Pinboard is a bookmarking service that allows you to easily save, tag, annotate, share, and archive bookmarks independent of your browser. Pinboard describes itself as “antisocial bookmarking,” which highlights its capabilities as a private and personal archiving tool compared to the social features offered by Yahoo’s Delicious service. I find Pinboard a simple, fast, and reliable way for me to save bookmarks and archive web pages for future reference. I have been happily using the service for nearly five months (Update a year) and recommend it highly.

Pinboard has become a part of my everyday online reading experience as I use it archive both a bookmark and the full text of any article I found interesting or that I plan to read later. My primary use of Pinboard is as a personal archive rather than a public bookmark sharing service, and I prefer it to Yahoo’s Delicious bookmarking service, although Pinboard has fewer options for sharing and tag management. For example, it does not support the Delicious style of aggregating multiple tags in tag bundles or the ability to share a bookmark with a specific user.

To start using the service, simply drag one of the Pinboard bookmarklets into your browser bookmark bar. The first style of bookmarklet can either open a new page or a popup window allows you to edit the URL, title, description, tags, and optionally mark the bookmark as private or “to read”. I use the send style of bookmarklet that Pinboard calls “read later.” This bookmarklet saves the page, automatically marks it as read later, and returns you to the place on the page where you left off without opening a new window or a popup. The “to read” status allows you to quickly build up a reading list without interrupting your workflow.

You can aggregate links posted to multiple services by configuring Pinboard to watch for links in your Twitter posts, Twitter favorites, or pages saved to Instapaper, Read It Later, Delicious, and Google Reader. You can easily save links from a BlackBerry or iPhone using a private email address from Pinboard. I find the ability to centralize my bookmarks from multiple services very convenient. Pinboard automatically expands any shortened links and stores the original URL. Full text search on Pinboard include the title, description, tags, and notes, but not the text contained in the pages themselves. Pinboard also allows you to narrow the results of queries with public vs. private status, starred status, and the source e.g. Twitter.

Pinboard offers a single paid add-on, that will archive the entire page, HTML, CSS, and images for each bookmark you save. You can then view the snapshot of the page, even if the original disappears. The cost for this is $25 a year minus your original sign-up price. Pinboard recently introduced a feature where all users can download an offline copy of the last 25 URLs saved. The developer says that he plans to eventually allow users to download their entire archive.
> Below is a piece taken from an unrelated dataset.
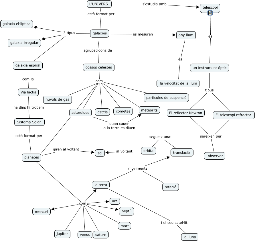 Este mapa conceptual tiene información relacionada a: l'univers_Judith, Cristina P i Fabio, galaxies es mesuren any llum, la terra moviments rotació, planetes com neptú, nuvols de gas com meteorits, L'UNIVERS està format per galaxies, la terra moviments translació, cossos celestes com meteorits, El telescopi refractor sereixen per observar, planetes giren al voltant sol, galaxies 3 tipus galaxia el·liptica, particules de suspenció com cometes, particules de suspenció com asteroides, planetes com la terra, un instrument óptic tipus El telescopi refractor, planetes com mart, un instrument óptic tipus El reflector Newton, El reflector Newton sereixen per observar, L'UNIVERS s'estudia amb telescopi, particules de suspenció com planetes, translació segueix una: orbita

Pinboard offers multiple ways to import and export data including including a format compatible with that is compatible with Delicious. Pinboard offers both public and private RSS feeds of bookmark data including tag-based feeds. The Pinboard API is compatible with the Delicious API. This means that any application that uses the Delicious API should work with Pinboard by simply changing the URL to the API endpoint. Unfortunately, most bookmarking applications do not allow end users to change the API endpoint URL and few directly support Pinboard. On the Mac, both Delibar ($18) and Pukka ($17) desktop applications support Pinboard. The best solution for mobile devices is to use the Mobile web version of Pinboard. Update The Delibar touch application for the iPhone and iPad ($1.99) works with both Pinboard and Delicious. I recommend it.
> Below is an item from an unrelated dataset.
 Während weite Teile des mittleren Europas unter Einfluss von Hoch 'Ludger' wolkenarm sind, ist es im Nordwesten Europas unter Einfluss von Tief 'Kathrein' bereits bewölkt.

Overall, Pinboard is an excellent option for storing and archiving bookmarks and I recommend it highly. The service is not free. Currently the price to join is $6.38 (Update $7.41) and the cost increases by a fraction of a cent for each new user. I like this pricing model as it is inexpensive and allows the developer to support the service without ads and without taking external funding. This leaves the service with a smaller, but more active user-base, and more importantly almost no spam. Recent Pinboard releases have improved bulk editing capabilities, but it is not currently possible to add or remove tags on a set of items returned from a search of your own bookmarks. Hopefully, the developers will eventually add this feature as it would make it possible to quickly and easily organize large numbers of uncategorized bookmarks. Update The developers added this functionality. Tag management is now far more flexible.
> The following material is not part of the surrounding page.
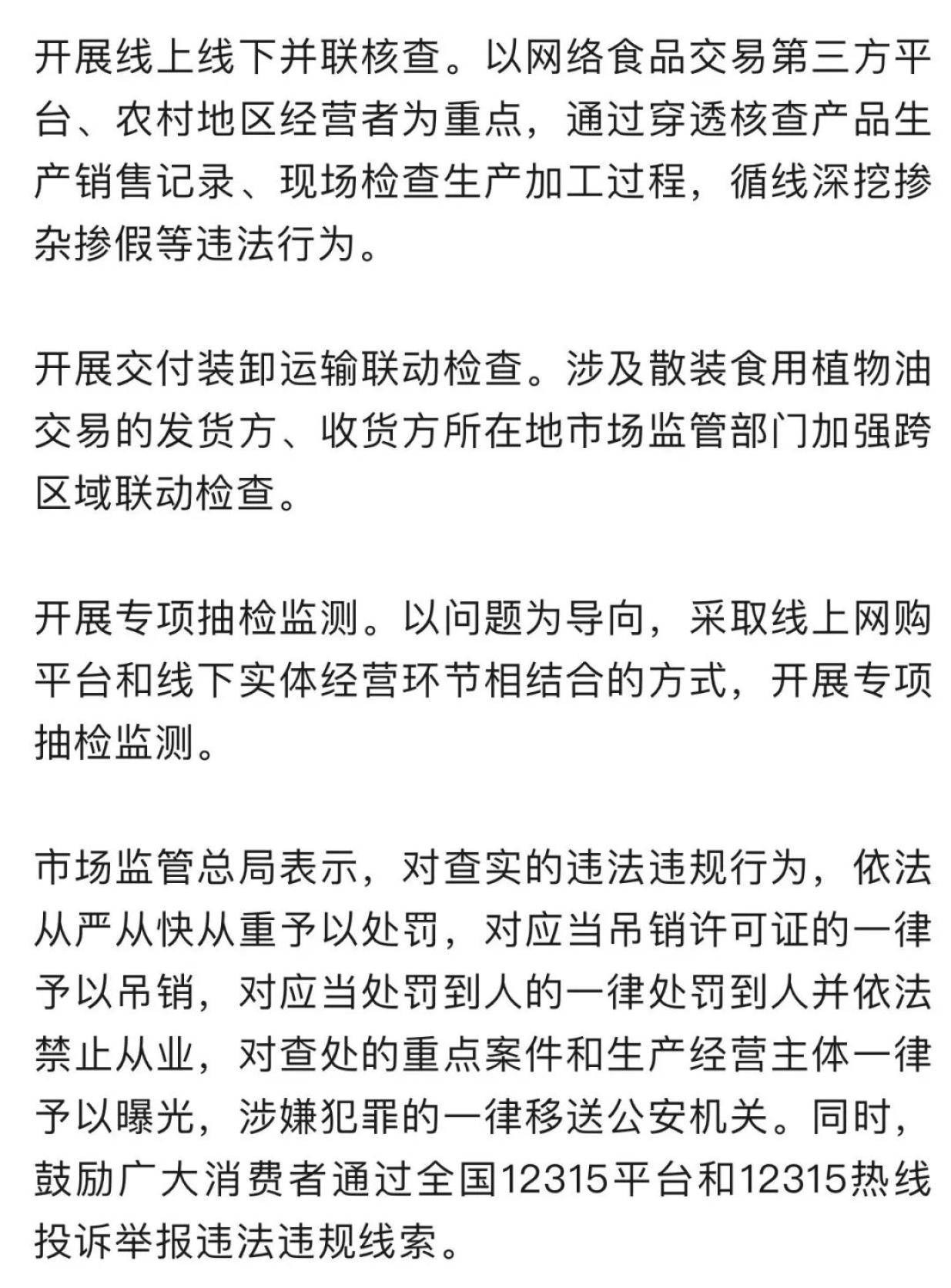 原题:“事关食用植物油,全国集中开展排查整治!”

If the idea of social bookmarking seems foreign or the benefits do not seem clear, I highly recommend taking three minutes to watch the short and entertaining animated video Social Bookmarking in Plain English by Common Craft. What is Antisocial Bookmarking? is a nice post on the Pinboard blog by, Maciej Ceglowski, the founder of Pinboard explaining his reasons for creating the service.

* This article originally appeared as Why Pinboard.in Is My Favorite Bookmarking Service in my Messaging News “On Message Column.”

Update 2010-12-16 Mentioned feature additions, Delibar touch support, and price update.